What you should do | No pictures belong in the result; set down exactly the lines from the one containing "The 2023 updated" through the final line of the listing, and nothing more.

Exercise data |

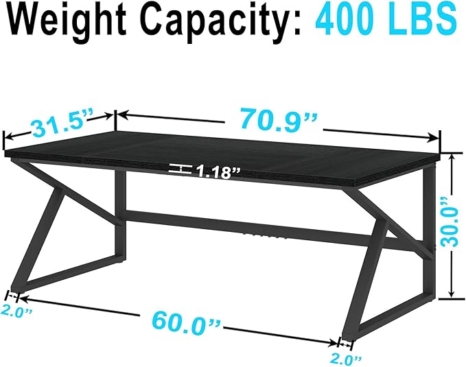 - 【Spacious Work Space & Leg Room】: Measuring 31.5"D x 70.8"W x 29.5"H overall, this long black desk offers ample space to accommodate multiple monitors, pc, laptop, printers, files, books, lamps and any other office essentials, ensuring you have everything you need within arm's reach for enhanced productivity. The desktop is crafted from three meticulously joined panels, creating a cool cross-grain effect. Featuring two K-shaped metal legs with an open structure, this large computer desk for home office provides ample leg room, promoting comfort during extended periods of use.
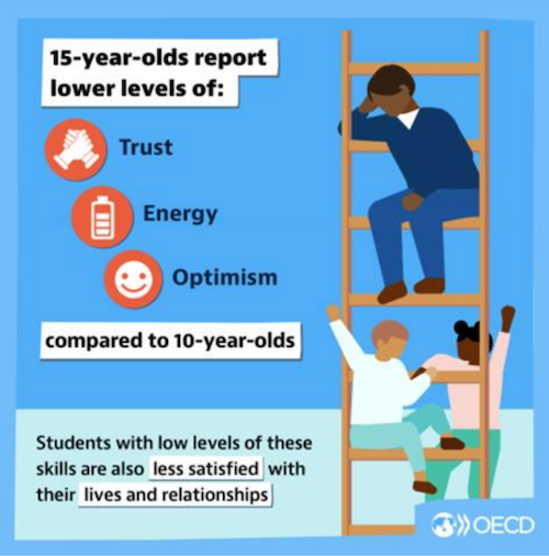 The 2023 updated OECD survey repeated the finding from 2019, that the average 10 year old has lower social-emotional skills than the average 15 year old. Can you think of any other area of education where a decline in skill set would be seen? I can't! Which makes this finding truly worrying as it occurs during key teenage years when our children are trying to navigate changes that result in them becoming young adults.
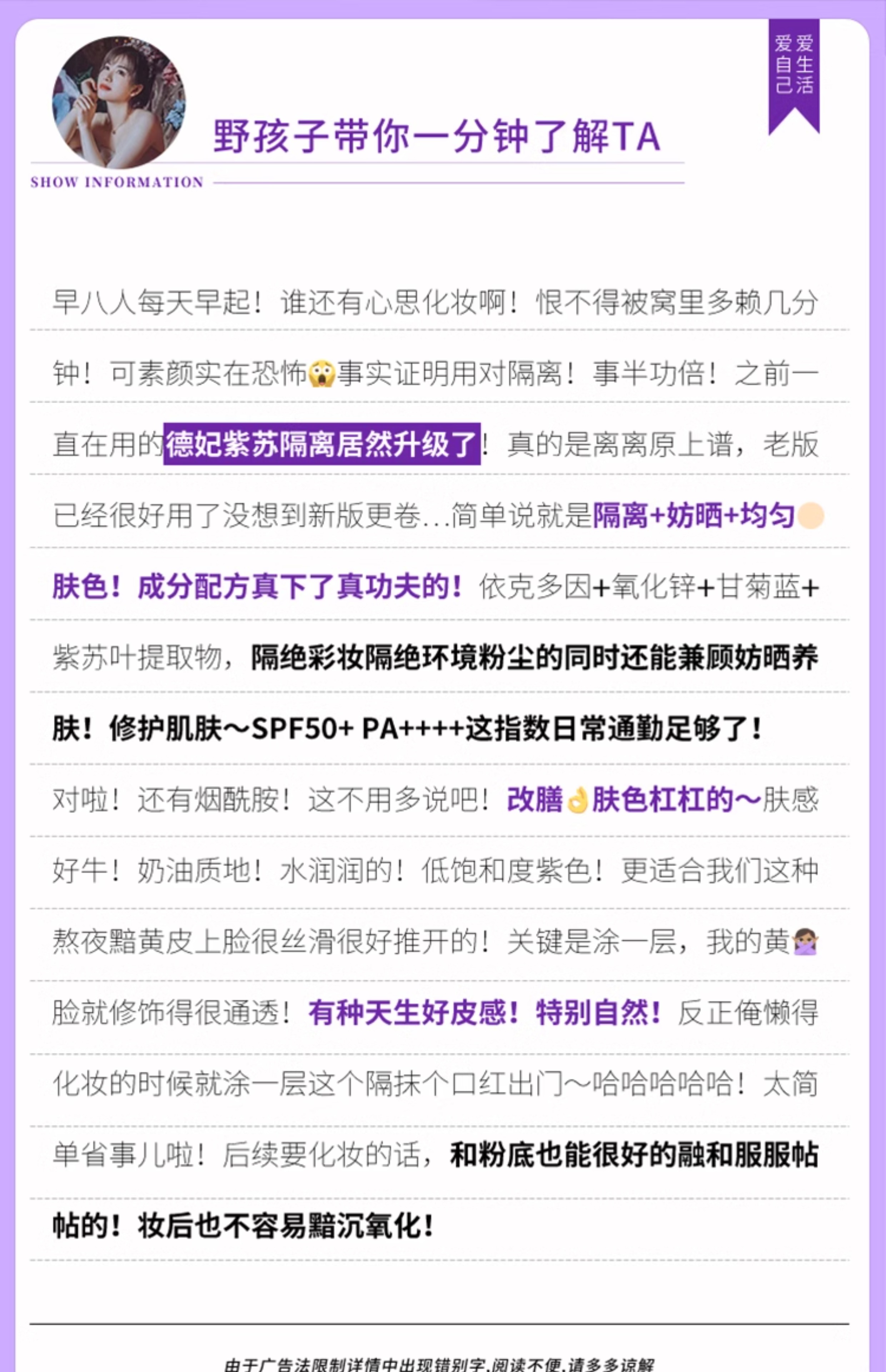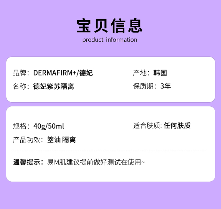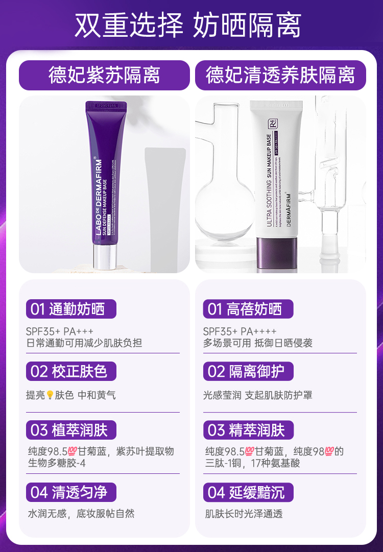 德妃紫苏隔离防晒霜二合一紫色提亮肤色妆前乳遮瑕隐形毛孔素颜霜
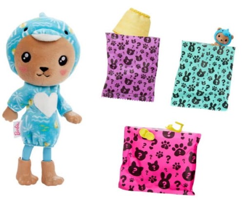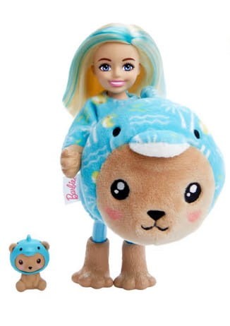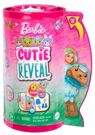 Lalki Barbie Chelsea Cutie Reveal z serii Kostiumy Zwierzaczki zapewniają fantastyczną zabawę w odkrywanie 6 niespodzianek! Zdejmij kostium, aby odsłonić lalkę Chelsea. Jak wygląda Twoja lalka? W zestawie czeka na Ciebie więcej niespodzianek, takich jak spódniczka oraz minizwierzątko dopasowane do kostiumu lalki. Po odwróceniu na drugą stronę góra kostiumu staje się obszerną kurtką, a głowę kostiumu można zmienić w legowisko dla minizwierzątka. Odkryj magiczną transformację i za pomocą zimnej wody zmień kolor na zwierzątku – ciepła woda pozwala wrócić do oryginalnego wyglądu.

Solution for this exercise |
 The 2023 updated OECD survey repeated the finding from 2019, that the average 10 year old has lower social-emotional skills than the average 15 year old. Can you think of any other area of education where a decline in skill set would be seen? I can't! Which makes this finding truly worrying as it occurs during key teenage years when our children are trying to navigate changes that result in them becoming young adults.
 德妃紫苏隔离防晒霜二合一紫色提亮肤色妆前乳遮瑕隐形毛孔素颜霜
 Lalki Barbie Chelsea Cutie Reveal z serii Kostiumy Zwierzaczki zapewniają fantastyczną zabawę w odkrywanie 6 niespodzianek! Zdejmij kostium, aby odsłonić lalkę Chelsea. Jak wygląda Twoja lalka? W zestawie czeka na Ciebie więcej niespodzianek, takich jak spódniczka oraz minizwierzątko dopasowane do kostiumu lalki. Po odwróceniu na drugą stronę góra kostiumu staje się obszerną kurtką, a głowę kostiumu można zmienić w legowisko dla minizwierzątka. Odkryj magiczną transformację i za pomocą zimnej wody zmień kolor na zwierzątku – ciepła woda pozwala wrócić do oryginalnego wyglądu.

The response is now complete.